**TASK ITEM:** With images removed, transcribe each record exactly as it appears.

**DATA FOR THIS EXERCISE:**

▼

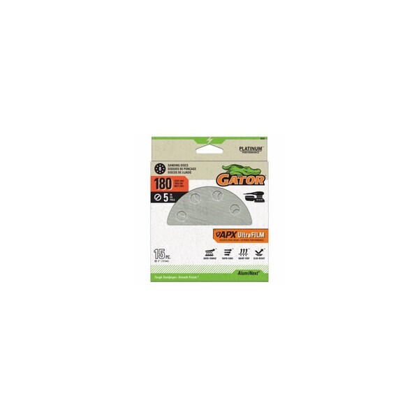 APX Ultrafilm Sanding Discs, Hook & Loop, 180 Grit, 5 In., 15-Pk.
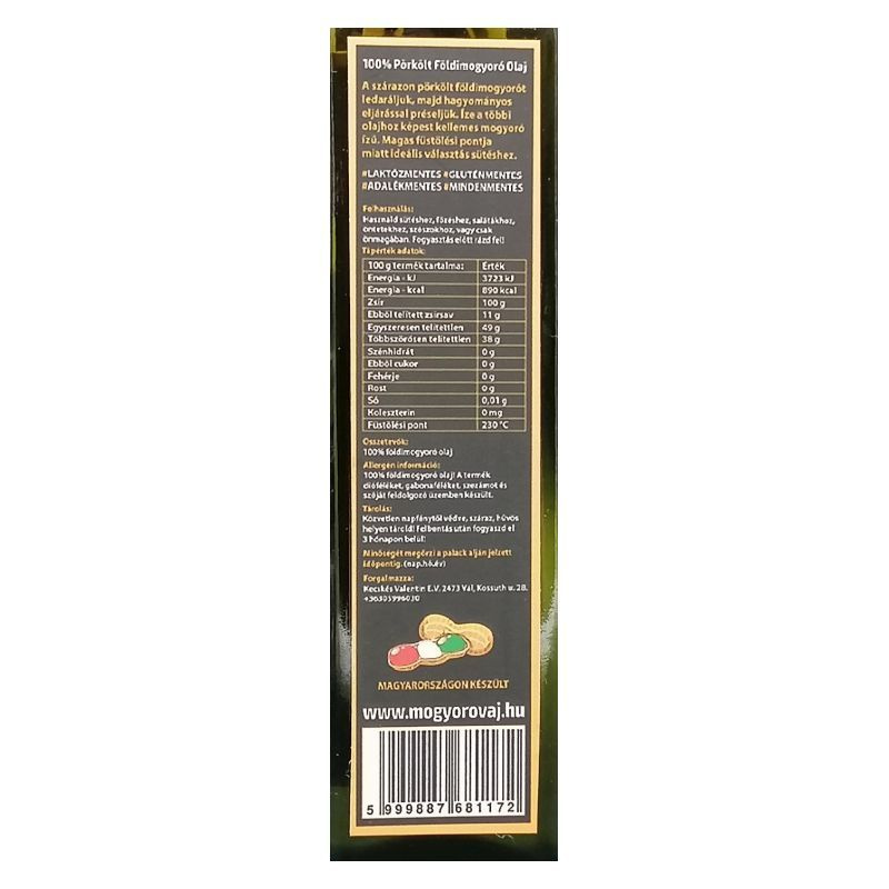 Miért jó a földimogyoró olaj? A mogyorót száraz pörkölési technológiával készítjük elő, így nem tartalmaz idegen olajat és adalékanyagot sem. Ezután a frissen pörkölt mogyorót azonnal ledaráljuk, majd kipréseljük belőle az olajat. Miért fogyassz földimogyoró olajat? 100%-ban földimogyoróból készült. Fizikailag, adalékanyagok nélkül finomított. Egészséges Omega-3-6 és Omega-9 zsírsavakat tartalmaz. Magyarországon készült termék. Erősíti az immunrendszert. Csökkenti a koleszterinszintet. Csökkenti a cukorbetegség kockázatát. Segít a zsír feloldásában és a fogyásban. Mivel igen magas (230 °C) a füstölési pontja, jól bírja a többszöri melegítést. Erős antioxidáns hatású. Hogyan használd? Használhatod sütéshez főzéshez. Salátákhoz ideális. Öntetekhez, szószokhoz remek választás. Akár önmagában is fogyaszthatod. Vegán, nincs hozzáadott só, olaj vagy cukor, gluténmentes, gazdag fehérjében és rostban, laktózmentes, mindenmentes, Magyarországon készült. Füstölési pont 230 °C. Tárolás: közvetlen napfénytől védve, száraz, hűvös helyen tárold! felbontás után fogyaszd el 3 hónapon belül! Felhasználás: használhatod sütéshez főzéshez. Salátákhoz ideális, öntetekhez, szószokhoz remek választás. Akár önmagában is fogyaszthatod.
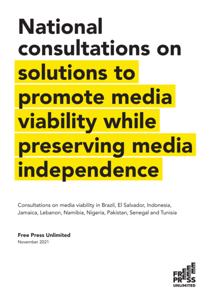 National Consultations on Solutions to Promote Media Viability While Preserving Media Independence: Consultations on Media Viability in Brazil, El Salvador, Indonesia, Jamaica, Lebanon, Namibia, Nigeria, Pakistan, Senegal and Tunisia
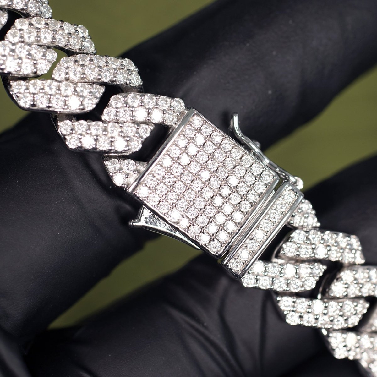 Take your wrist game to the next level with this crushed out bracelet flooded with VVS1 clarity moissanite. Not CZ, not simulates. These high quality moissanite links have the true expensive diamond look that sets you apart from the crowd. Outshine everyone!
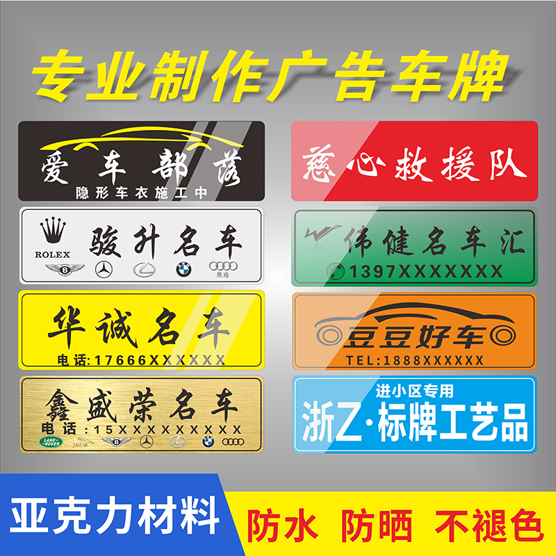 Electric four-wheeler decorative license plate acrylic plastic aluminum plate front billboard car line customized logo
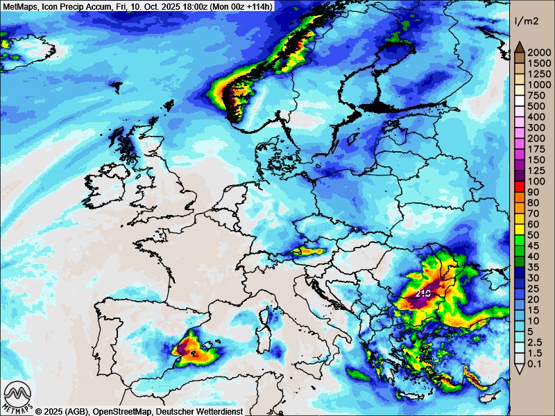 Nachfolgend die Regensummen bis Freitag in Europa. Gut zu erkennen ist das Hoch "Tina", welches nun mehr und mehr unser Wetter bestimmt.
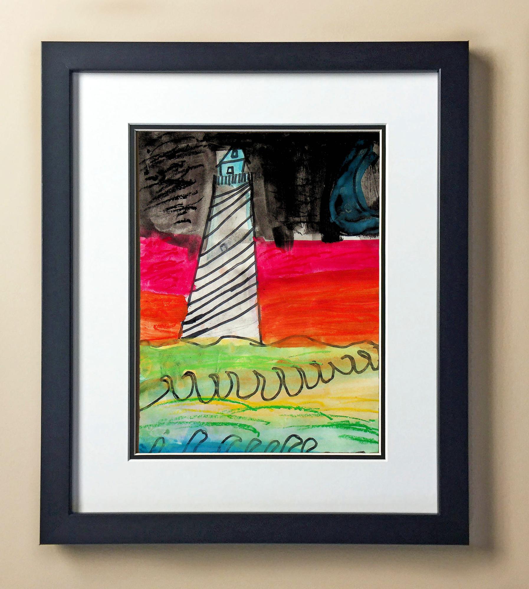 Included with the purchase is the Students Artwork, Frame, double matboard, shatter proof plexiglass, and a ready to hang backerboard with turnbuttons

▲

**RESULT:**
 APX Ultrafilm Sanding Discs, Hook & Loop, 180 Grit, 5 In., 15-Pk.
 Miért jó a földimogyoró olaj? A mogyorót száraz pörkölési technológiával készítjük elő, így nem tartalmaz idegen olajat és adalékanyagot sem. Ezután a frissen pörkölt mogyorót azonnal ledaráljuk, majd kipréseljük belőle az olajat. Miért fogyassz földimogyoró olajat? 100%-ban földimogyoróból készült. Fizikailag, adalékanyagok nélkül finomított. Egészséges Omega-3-6 és Omega-9 zsírsavakat tartalmaz. Magyarországon készült termék. Erősíti az immunrendszert. Csökkenti a koleszterinszintet. Csökkenti a cukorbetegség kockázatát. Segít a zsír feloldásában és a fogyásban. Mivel igen magas (230 °C) a füstölési pontja, jól bírja a többszöri melegítést. Erős antioxidáns hatású. Hogyan használd? Használhatod sütéshez főzéshez. Salátákhoz ideális. Öntetekhez, szószokhoz remek választás. Akár önmagában is fogyaszthatod. Vegán, nincs hozzáadott só, olaj vagy cukor, gluténmentes, gazdag fehérjében és rostban, laktózmentes, mindenmentes, Magyarországon készült. Füstölési pont 230 °C. Tárolás: közvetlen napfénytől védve, száraz, hűvös helyen tárold! felbontás után fogyaszd el 3 hónapon belül! Felhasználás: használhatod sütéshez főzéshez. Salátákhoz ideális, öntetekhez, szószokhoz remek választás. Akár önmagában is fogyaszthatod.
 National Consultations on Solutions to Promote Media Viability While Preserving Media Independence: Consultations on Media Viability in Brazil, El Salvador, Indonesia, Jamaica, Lebanon, Namibia, Nigeria, Pakistan, Senegal and Tunisia
 Take your wrist game to the next level with this crushed out bracelet flooded with VVS1 clarity moissanite. Not CZ, not simulates. These high quality moissanite links have the true expensive diamond look that sets you apart from the crowd. Outshine everyone!
 Electric four-wheeler decorative license plate acrylic plastic aluminum plate front billboard car line customized logo
 Nachfolgend die Regensummen bis Freitag in Europa. Gut zu erkennen ist das Hoch "Tina", welches nun mehr und mehr unser Wetter bestimmt.
 Included with the purchase is the Students Artwork, Frame, double matboard, shatter proof plexiglass, and a ready to hang backerboard with turnbuttons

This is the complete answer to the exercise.